Abstract:
"Nowadays, facial recognition technology has improved significantly, greatly enhancing security, personalized customer
experiences, and reliable biometric verification. But the emergence of deepfake technology, where AI can generate images that look very real, is a concerning issue. Deepfakes have been detected primarily through slow and unreliable visual clues. Currently, image processing and deep learning techniques are being used to identify fake faces quickly and accurately. Identifying deepfakes early is imperative to prevent their abuse and enhance security. IoT devices can rely on deep learning algorithms, which offer real-time data analysis and precise fake face detection. These algorithms use large amounts of data and sophisticated neural networks, becoming extraordinarily accurate at distinguishing real from fake images. This paper proposes a model that uses a meta-learning and ensemble approach for deepfake face detection. Atfirst, we have implemented five different deep learning models: EfficientNetV4, MobileNetV2, ResNet50, NASNetMobile, and DenseNet.
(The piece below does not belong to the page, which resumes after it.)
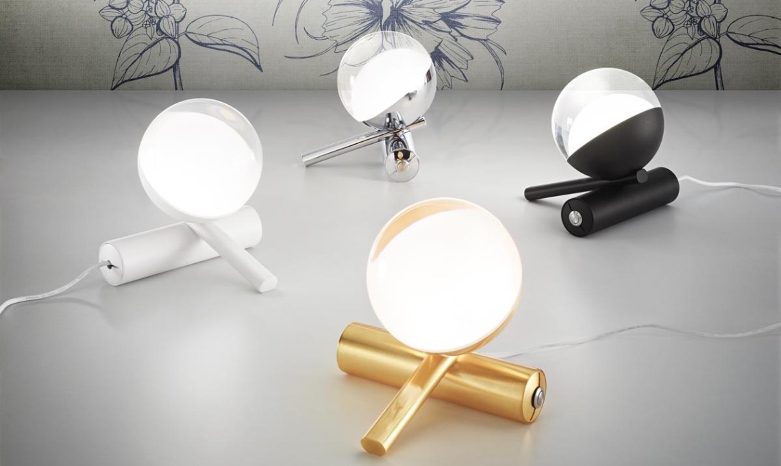 Si fa notare questa piccola lampada ‘gioiello’ dalle finiture oro, cromo, bianco e nero, con un diffusore a sfera che grazie alla satinatura preserva la brillantezza e distribuisce la luce in maniera diffusa ma senza abbagliare. L’intensità della luce si regola dal tasto push-dim perfettamente integrato nel corpo lampada.
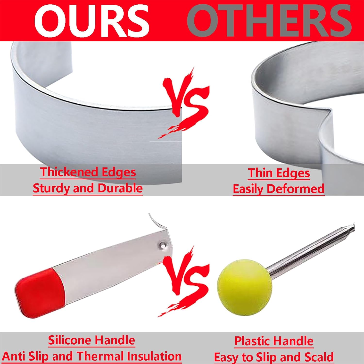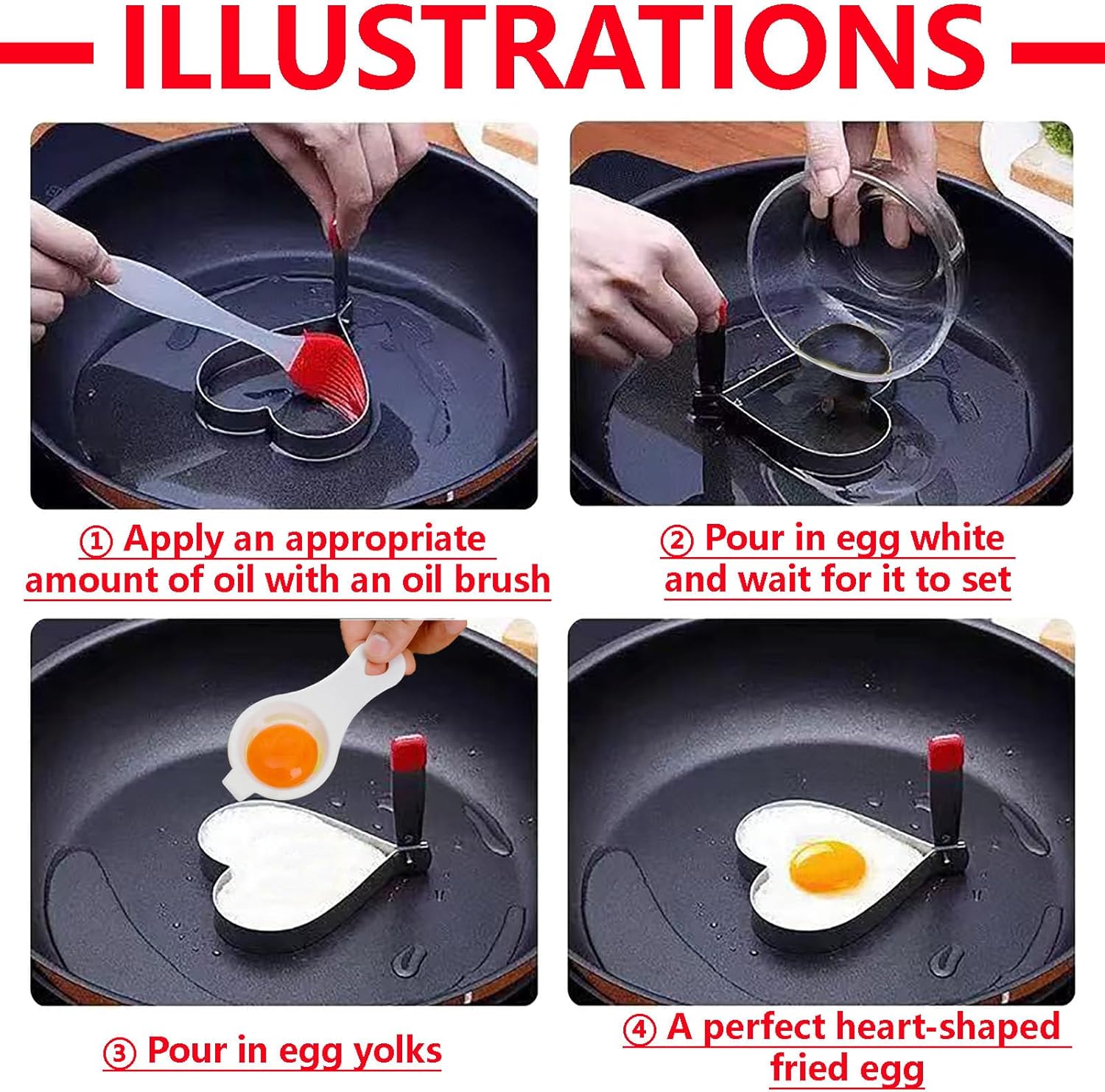 【Multi-Functional Pancake Molds】: The heart-shaped egg cooker ring can not only be used to make omelette, but also can be used to make mini pancakes, omelettes, Benedict eggs, cheese pancakes, and crepes to make a variety of food, let your imagination go wild!

These models provide detection accuracies of 89%, 76%, 79%, 83%, and 84%, respectively. Subsequently, we applied stacking and blending with meta-learning, using a random forest classifier as the meta-learner. Stacking achieved 87.40% accuracy, while blending reached 92.46%, demonstrating the effectiveness of our approach for fake face detection. The high accuracy of the proposed system enhances security and ensures applicability on various devices, thereby enabling large-scale security deployment."